WHAT TO DO:
Please write out only the lines from the line with "そこで、コリに悩むゲーム愛好" to the line with "エジプトのフライポテトも実に", inclusive, exactly as they stand below, without the pictures.

*** Opening DATA SUPPLIED ***

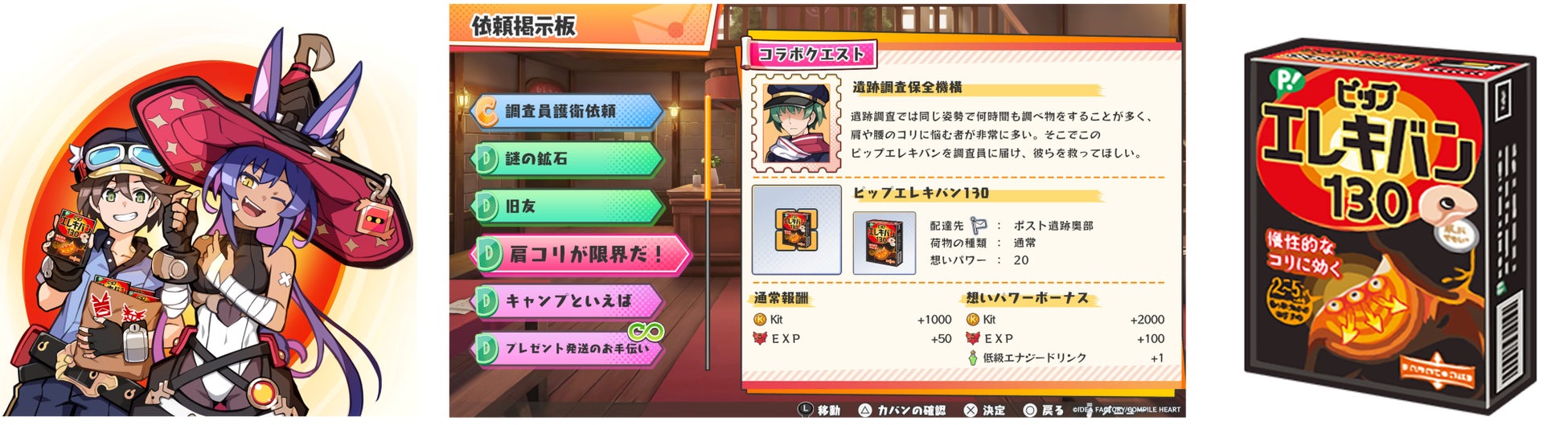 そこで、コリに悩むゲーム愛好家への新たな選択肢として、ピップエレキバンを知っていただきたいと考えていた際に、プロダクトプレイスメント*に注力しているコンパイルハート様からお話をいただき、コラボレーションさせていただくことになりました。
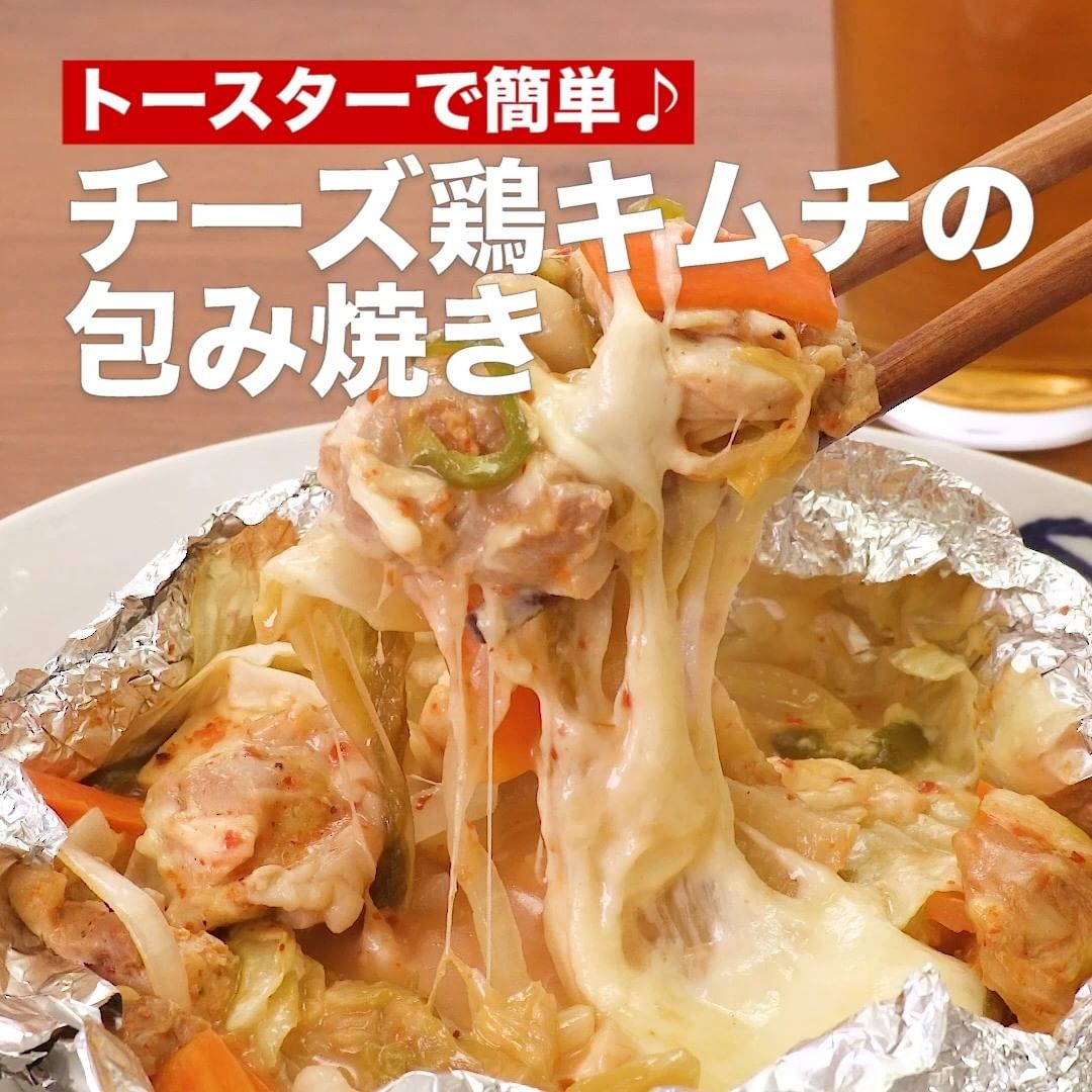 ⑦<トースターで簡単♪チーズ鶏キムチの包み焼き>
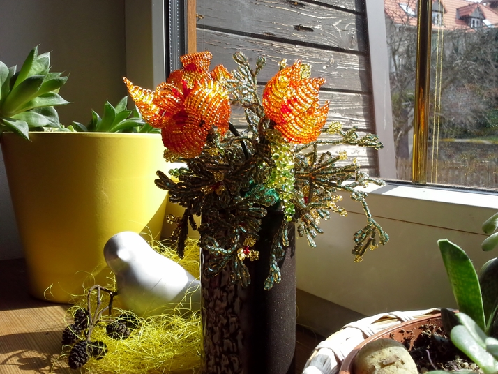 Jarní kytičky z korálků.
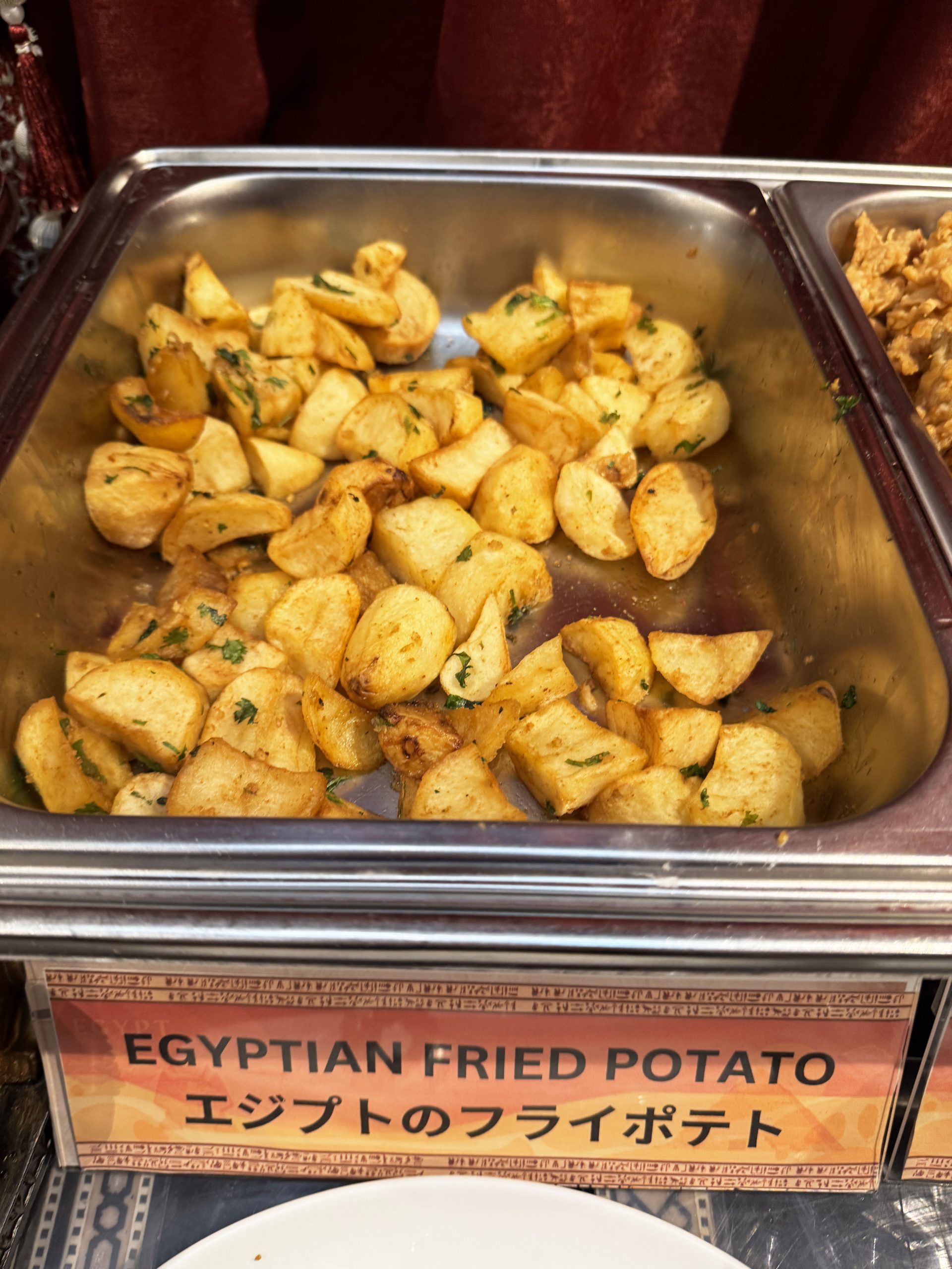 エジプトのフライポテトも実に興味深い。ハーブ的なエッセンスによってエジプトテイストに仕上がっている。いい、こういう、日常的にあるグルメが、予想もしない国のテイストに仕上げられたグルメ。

*** Closing DATA SUPPLIED ***
*** Opening DATA SUPPLIED ***

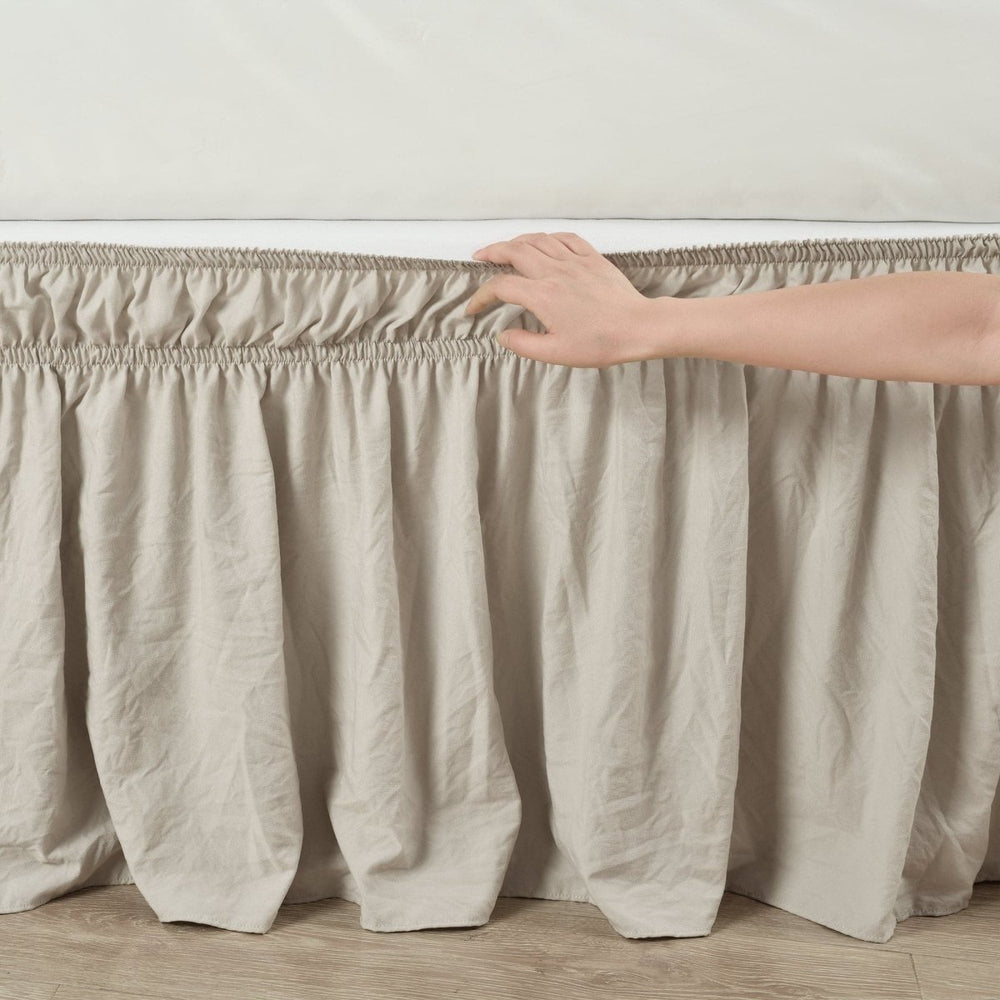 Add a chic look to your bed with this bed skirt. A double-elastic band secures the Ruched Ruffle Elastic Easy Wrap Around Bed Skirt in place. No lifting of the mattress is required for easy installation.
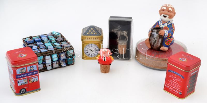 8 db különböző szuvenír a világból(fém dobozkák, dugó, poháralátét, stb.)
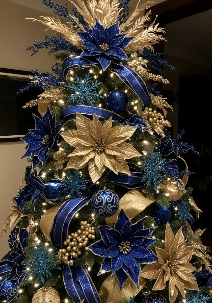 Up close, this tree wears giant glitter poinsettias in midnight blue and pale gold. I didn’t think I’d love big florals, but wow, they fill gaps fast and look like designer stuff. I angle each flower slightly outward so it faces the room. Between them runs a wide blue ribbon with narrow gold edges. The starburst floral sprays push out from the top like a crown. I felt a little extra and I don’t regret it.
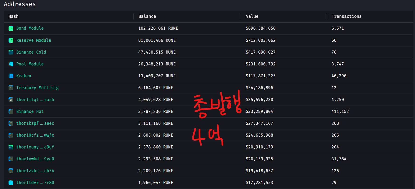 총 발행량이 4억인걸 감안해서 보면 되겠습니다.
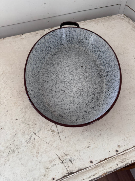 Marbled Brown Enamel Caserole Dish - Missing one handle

*** Closing DATA SUPPLIED ***
*** Opening DATA SUPPLIED ***

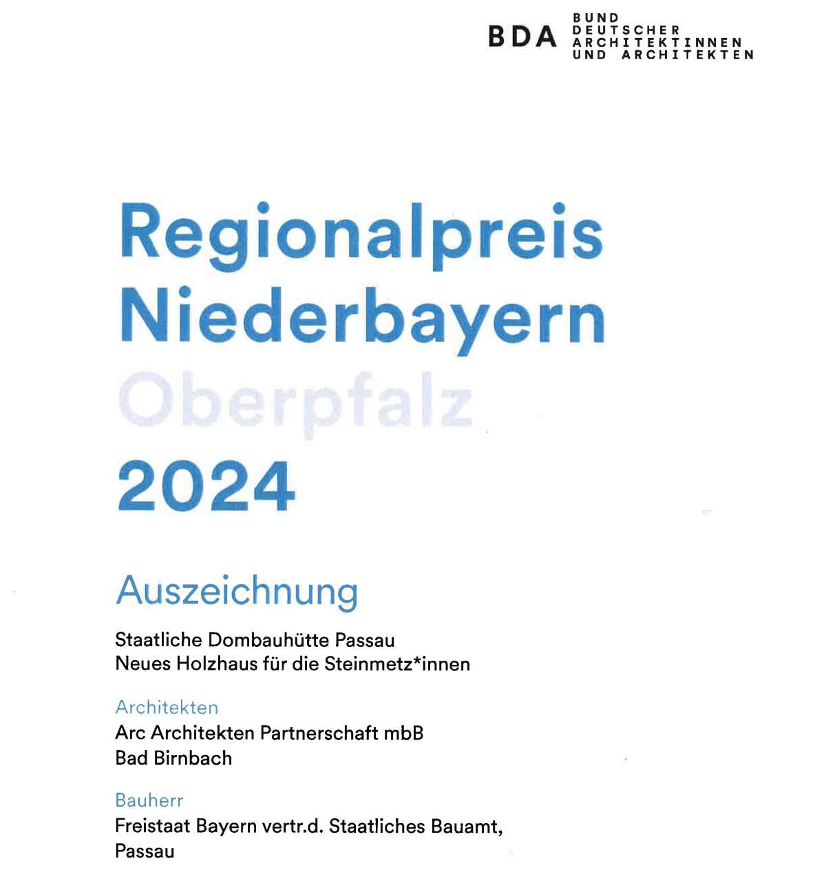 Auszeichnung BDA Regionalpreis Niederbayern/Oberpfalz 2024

*** Closing DATA SUPPLIED ***

ANSWER AREA:
 そこで、コリに悩むゲーム愛好家への新たな選択肢として、ピップエレキバンを知っていただきたいと考えていた際に、プロダクトプレイスメント*に注力しているコンパイルハート様からお話をいただき、コラボレーションさせていただくことになりました。
 ⑦<トースターで簡単♪チーズ鶏キムチの包み焼き>
 Jarní kytičky z korálků.
 エジプトのフライポテトも実に興味深い。ハーブ的なエッセンスによってエジプトテイストに仕上がっている。いい、こういう、日常的にあるグルメが、予想もしない国のテイストに仕上げられたグルメ。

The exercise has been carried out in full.